I am working with a postgres database. The database files are located in a folder which is a shared volume between my computer and a postgres container. My question is if it would be correct to version that folder with dvc.
If the folder is called database it would be to do
dvc add database
and from there make new versions as I add entries.
Is this a correct use of DVC or should I do something else?
I have only seen examples where data is versioned: images, etc.
Thank you very much
Hi, what is inside database folder? If you are talking about files, then you can
dvc add database, although I’d not suggest using a shared volume with postgres.
If your goal is to track a database table, we are working on implementing
dvc import-db command that can snapshot your database table (or, any SQL queries) to a csv/json format.
For that, you’ll need a very latest dvc version, and set connection string in the config.
dvc config db.pgsql.url postgresql://<hostname>:<port>/<db_name>
dvc config --local db.pgsql.user <user>
dvc config --local db.pgsql.password <password>
Then, you can materialize in
dvc with following, which will create a
dvc import-db --sql "select * from Table" --conn pgsql
You can then depend on it in your pipelines. Note that this is very experimental, and can change in the future. Please give feedback or create an issue for bugs/feature-requests.
thank you for the quick response. Inside the folder are the files generated by the docker container (pg_serial, pg_subtrans, etc.). The modification of the database is done with sqlalchemy. My idea is to track the whole database as a whole. I am in a project where records are added to all tables periodically, for example, every 3 months.
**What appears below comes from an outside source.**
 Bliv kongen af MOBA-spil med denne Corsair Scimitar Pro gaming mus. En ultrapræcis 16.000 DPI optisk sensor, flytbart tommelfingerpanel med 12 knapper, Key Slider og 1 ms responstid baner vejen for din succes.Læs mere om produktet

I would like to generate a version every time records are added and have a reference point of the content of those tables at that instant of time.
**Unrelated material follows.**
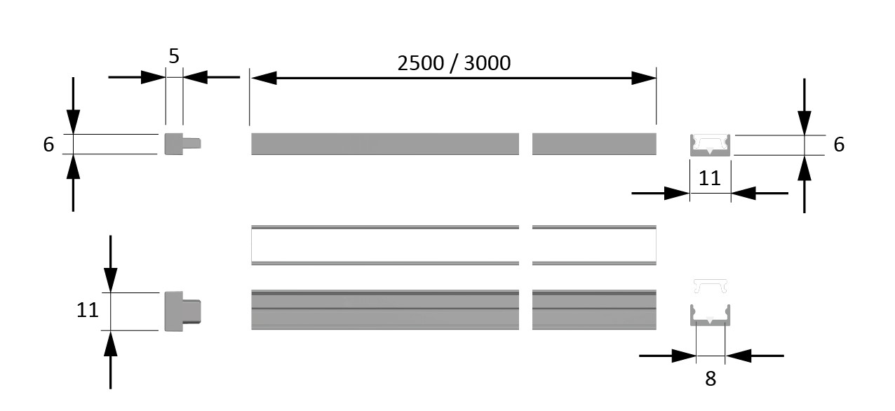 Ausführung 2500 mm, Alu/ Opal (10er Set)

Why do you say it is not optimal to do the dvc add if it is a shared volume of desserts?
Does the suggestion you gave me at the end make sense in my scenario?
Hi. You can version anything with DVC, nothing restricts you to do that. But, DVC’s goal is to version your datasets, and connect that datasets to your outputs (e.g.: models) via pipelines.
Tracking a random blob does not give you a visibility into your pipelines. Whereas, dvc allows you to periodically snapshot your database, and use that in your training. (you can run
dvc update when you want to update to a newer version of your database).
You cannot consume that
database directory in your pipelines, either. Could you please elaborate what you are trying to do with DVC?
(If you are looking for purely database versioning. I am sure there are better ways to backup and version them.)
What I want to do is just versioning. I don’t mind that I can’t add it to pipelines. I just want to have reference points in case I want to go back at some point or want to test something with the database at some specific point (version).